# How to Calculate Mean Absolute Error in R

In statistics, the mean absolute error (MAE) is a way to measure the accuracy of a given model. It is calculated as:

MAE = (1/n) * Σ|yi – xi|

where:

• Σ: A Greek symbol that means “sum”
• yi: The observed value for the ith observation
• xi: The predicted value for the ith observation
• n: The total number of observations

We can calculate the mean absolute error in R by using the mae(actual, predicted) function from the Metrics package.

This tutorial provides two examples of how to use this function in practice.

### Example 1: Calculate Mean Absolute Error Between Two Vectors

The following code shows how to calculate the mean absolute error between a vector of observed values and a vector of predicted values:

```library(Metrics)

#define observed and predicted values
observed <- c(12, 13, 14, 15, 15, 22, 27, 29, 29, 30, 32)
predicted <- c(11, 13, 14, 14, 16, 19, 24, 30, 32, 36, 30)

#calculate mean absolute error between vectors
mae(observed, predicted)

[1] 1.909091
```

The mean absolute error (MAE) turns out to be 1.909.

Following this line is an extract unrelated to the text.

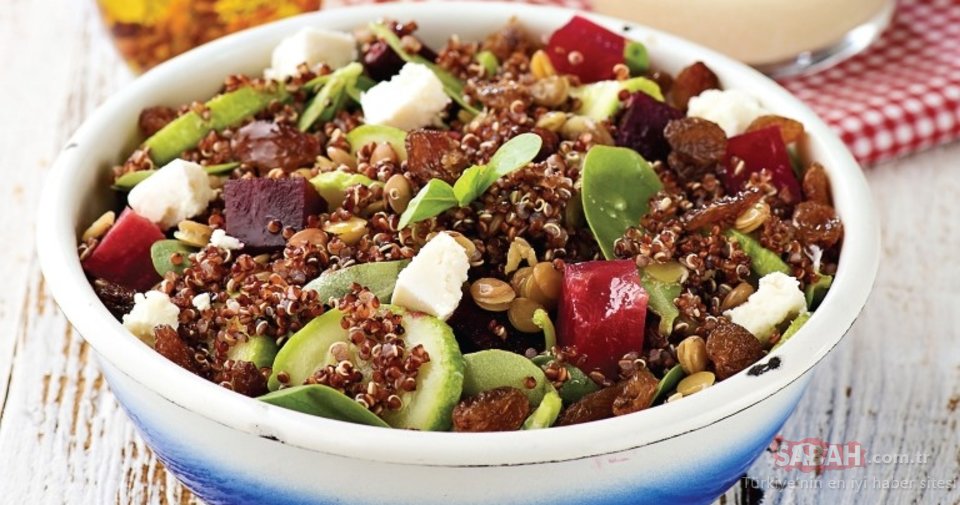 Kinoayı servis kabına alıp içine semizotu yaprakları, pancar, kabak, mercimek, kuruüzüm ve keçi peynirini katıp harmanlayın.

This tells us that the average absolute difference between the observed values and the predicted values is 1.909.

### Example 2: Calculate Mean Absolute Error for a Regression Model

The following code shows how to fit a regression model in R and then calculate the mean absolute error between the predictions made by the model and the actual observed response values:

```library(Metrics)

#create data
df <- data.frame(x1=c(1, 3, 3, 4, 4, 6, 6, 8, 9, 3),
x2=c(7, 7, 4, 10, 13, 12, 17, 19, 20, 34),
y=c(17, 18, 19, 20, 24, 28, 25, 29, 30, 32))

#view first six rows of data

x1 x2  y
1  1  7 17
2  3  7 18
3  3  4 19
4  4 10 20
5  4 13 24
6  6 12 28

#fit regression model
model <- lm(y~x1+x2, data=df)

#calculate MAE between predicted values and observed values
mae(df\$y, predict(model))

[1] 1.238241
```

The mean absolute error (MAE) turns out to be 1.238.

This tells us that the average absolute difference between the observed values and the predicted values is 1.238.

In general, the lower the value for the MAE the better a model is able to fit a dataset. When comparing two different models, we can compare the MAE of each model to know which one offers a better fit to a dataset.